John Hilary’s beautifully illustrated and superbly researched book “tells the story of a group of German Jews who arrived in Britain during the 19th century, established themselves in high society by means of their wealth and philanthropic dealings, and left their mark on the art world of the Edwardian era”. They made an extraordinary contribution to cultural life in Britain in the first half of the 20th century and yet became curiously forgotten. Magnates & Masterpieces is a superb piece of reclamation and is one of the outstanding books of the year.

These super-rich art collectors were all Jews but interestingly they did not consider themselves defined by their Jewish faith. Half of them married non-Jewish women and only five of the 15 collectors at the heart of this book were buried in Jewish cemeteries. Above all, they were a very distinct group, quite separate from the established families of Anglo-Jewry or the new immigrants from Eastern Europe.

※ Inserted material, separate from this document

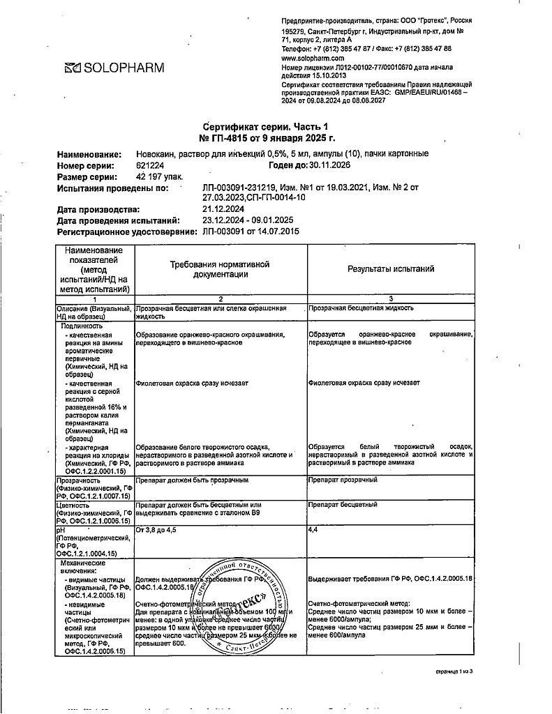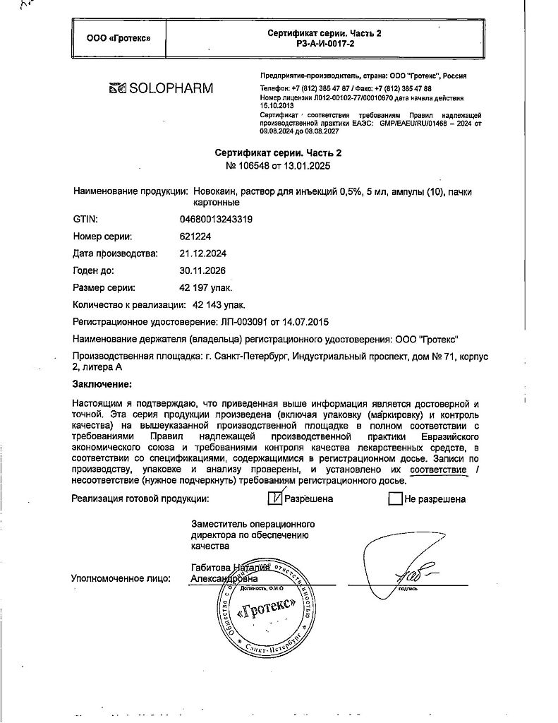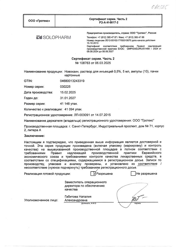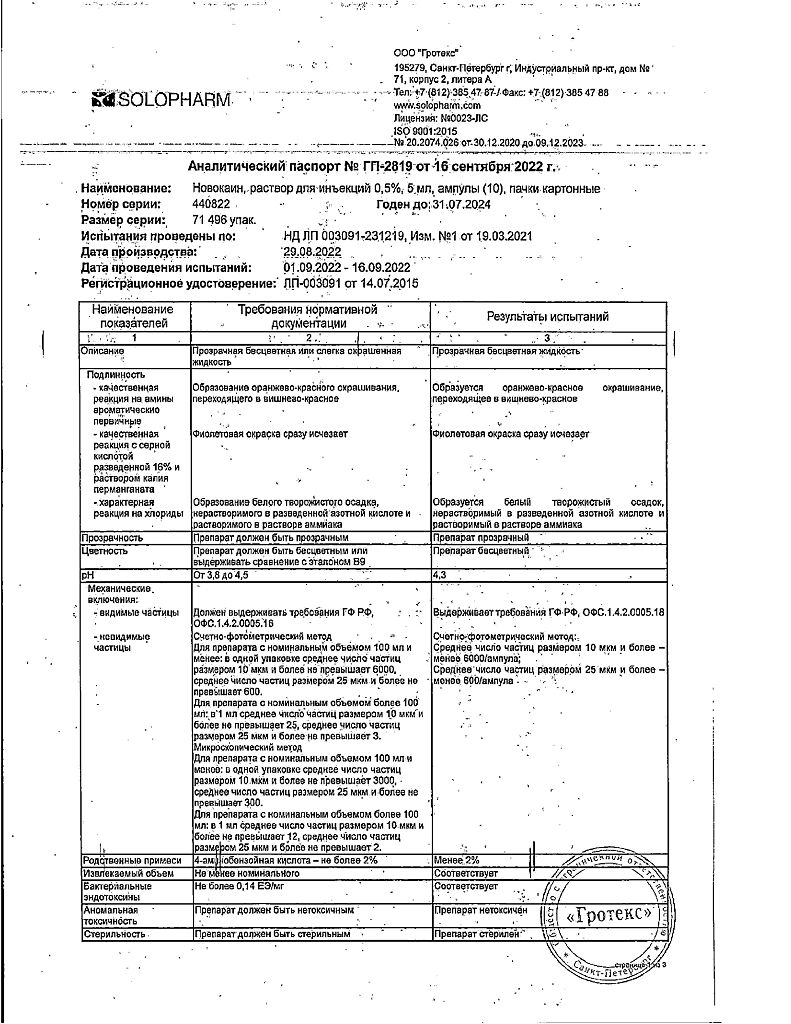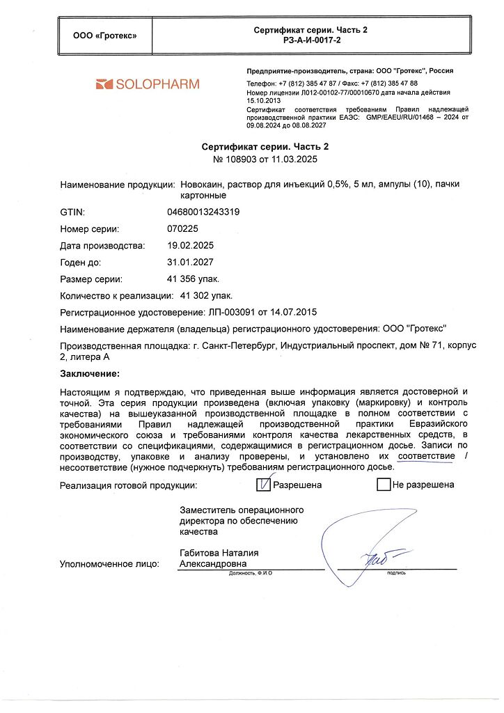 Документы Новокаин раствор для инъекций 0,5 % 5 мл 10 шт

Many were ‘Randlords’, men who made their fortunes through diamonds and gold in South Africa or from banking. But what is striking is what they spent their money on: huge properties in the grandest parts of London, acts of philanthropy and, above all, by building up extraordinary art collections, many of which were later bequeathed to the nation. In this sense, they are very different from their American counterparts whose collections were housed in famous museums named after them like the Frick in New York, The Huntington in LA and The Isabella Stewart Gardner Museum in Boston. According to Hilary, this perhaps explains why these German Jewish collectors have faded from history. They gave their collections to already existing art museums rather than founding their own. There is another reason, he argues. Two World Wars with Germany led to tremendous anti-German feeling.

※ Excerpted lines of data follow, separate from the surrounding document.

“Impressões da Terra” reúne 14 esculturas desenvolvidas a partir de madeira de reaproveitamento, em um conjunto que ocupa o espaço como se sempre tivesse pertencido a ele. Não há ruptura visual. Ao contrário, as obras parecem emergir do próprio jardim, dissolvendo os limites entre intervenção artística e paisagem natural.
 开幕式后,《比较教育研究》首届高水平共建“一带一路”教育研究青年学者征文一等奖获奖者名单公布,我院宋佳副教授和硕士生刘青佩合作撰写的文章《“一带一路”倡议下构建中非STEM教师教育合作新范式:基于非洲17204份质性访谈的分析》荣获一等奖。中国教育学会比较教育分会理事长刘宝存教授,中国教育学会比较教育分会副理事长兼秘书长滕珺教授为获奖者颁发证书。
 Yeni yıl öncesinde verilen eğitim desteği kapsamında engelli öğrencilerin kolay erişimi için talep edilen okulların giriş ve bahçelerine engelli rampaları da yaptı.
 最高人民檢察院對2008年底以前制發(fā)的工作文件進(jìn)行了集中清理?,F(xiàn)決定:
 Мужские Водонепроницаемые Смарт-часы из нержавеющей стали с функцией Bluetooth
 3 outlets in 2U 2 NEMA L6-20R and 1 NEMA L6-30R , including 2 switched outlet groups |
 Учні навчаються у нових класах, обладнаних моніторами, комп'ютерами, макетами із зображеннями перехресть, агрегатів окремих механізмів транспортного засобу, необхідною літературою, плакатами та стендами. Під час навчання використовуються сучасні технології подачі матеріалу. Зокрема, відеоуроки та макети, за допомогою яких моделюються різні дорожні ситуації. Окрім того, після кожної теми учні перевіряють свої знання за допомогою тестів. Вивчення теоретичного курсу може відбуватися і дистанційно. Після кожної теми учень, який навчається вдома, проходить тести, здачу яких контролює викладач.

The book consists of two parts. The opening chapters put this generation of collectors in context. First, they represented “new money”: capital not land. Second, they left Germany as young men and found that “England in those days … threw her doors wide open to all comers”. Third, it was the heyday of the British imperial project and a new world of international finance. Crucially, their wealth helped them to enter high society. If you had the money, Britain was a more open society than the Kaiserreich, still ruled by antisemitic Junkers and generals.